Citing German Tennis Federation Vice President Dirk Hordoff, Sky Sports Germany reported Sunday that officials of All England Lawn Tennis Club, which hosts Wimbledon each June, have decided against the limited options available for safely staging the tournament in 2020, which included contesting it without spectators.

It would be the first time the grasscourt event has been cancelled since 1945 and the first time it has been cancelled for reasons other than war. Wimbledon wasn’t held in 1915-18 because of World War I; it was suspended again from 1940 to 1945 because of World War II.

Options other than cancelling Wimbledon have been considered, including postponement.

Serena Williams

Because Wimbledon is played on grass, which is costly and labour-intensive to maintain, the two-week tournament can’t be easily postponed. The window for competing on the All England Club’s grass doesn’t extend past late summer.
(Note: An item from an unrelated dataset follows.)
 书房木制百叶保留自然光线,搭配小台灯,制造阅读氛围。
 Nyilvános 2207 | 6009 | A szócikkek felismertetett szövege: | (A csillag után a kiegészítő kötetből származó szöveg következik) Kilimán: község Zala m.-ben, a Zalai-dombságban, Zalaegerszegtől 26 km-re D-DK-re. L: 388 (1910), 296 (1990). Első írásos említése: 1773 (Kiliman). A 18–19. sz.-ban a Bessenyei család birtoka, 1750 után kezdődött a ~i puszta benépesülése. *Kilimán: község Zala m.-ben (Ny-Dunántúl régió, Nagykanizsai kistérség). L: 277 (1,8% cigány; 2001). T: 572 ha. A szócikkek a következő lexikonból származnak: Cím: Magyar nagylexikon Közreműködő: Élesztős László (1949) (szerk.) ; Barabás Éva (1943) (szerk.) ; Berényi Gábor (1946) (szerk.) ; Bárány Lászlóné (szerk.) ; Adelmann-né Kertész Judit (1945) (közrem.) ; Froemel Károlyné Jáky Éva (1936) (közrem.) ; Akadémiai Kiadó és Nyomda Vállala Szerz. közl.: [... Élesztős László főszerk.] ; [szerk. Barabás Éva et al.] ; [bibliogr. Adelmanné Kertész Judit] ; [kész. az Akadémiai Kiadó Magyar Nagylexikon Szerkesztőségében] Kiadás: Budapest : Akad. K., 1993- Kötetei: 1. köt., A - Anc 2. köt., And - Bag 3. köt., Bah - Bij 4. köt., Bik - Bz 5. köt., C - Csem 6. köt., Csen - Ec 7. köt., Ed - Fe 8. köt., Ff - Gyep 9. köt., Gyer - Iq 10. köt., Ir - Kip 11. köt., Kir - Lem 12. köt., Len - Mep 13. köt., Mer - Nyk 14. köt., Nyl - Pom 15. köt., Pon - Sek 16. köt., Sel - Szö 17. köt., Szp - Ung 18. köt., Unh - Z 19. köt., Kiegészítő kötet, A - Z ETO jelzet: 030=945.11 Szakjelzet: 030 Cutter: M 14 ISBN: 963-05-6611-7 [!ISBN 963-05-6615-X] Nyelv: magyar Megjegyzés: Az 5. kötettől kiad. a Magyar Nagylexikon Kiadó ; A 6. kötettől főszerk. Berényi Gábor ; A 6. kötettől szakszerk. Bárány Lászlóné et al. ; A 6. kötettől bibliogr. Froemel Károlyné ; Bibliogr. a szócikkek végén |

Even in the best of times, the global tennis schedule is complex and politically fraught, with events often overlapping. That’s largely because tennis is governed by entities that don’t always see eye to eye; among them: the International Tennis Federation; the ATP (men’s Tour); the Women’s Tennis Association; and the entities that run the four Grand Slams (Tennis Australia, the French Tennis Federation, the private All England Lawn Tennis Club and the USTA).

Tinkering with the timing of any major event, and particularly a Grand Slam, is disruptive at best and potentially catastrophic, akin to removing a foundational toy block from a child’s tower without it toppling.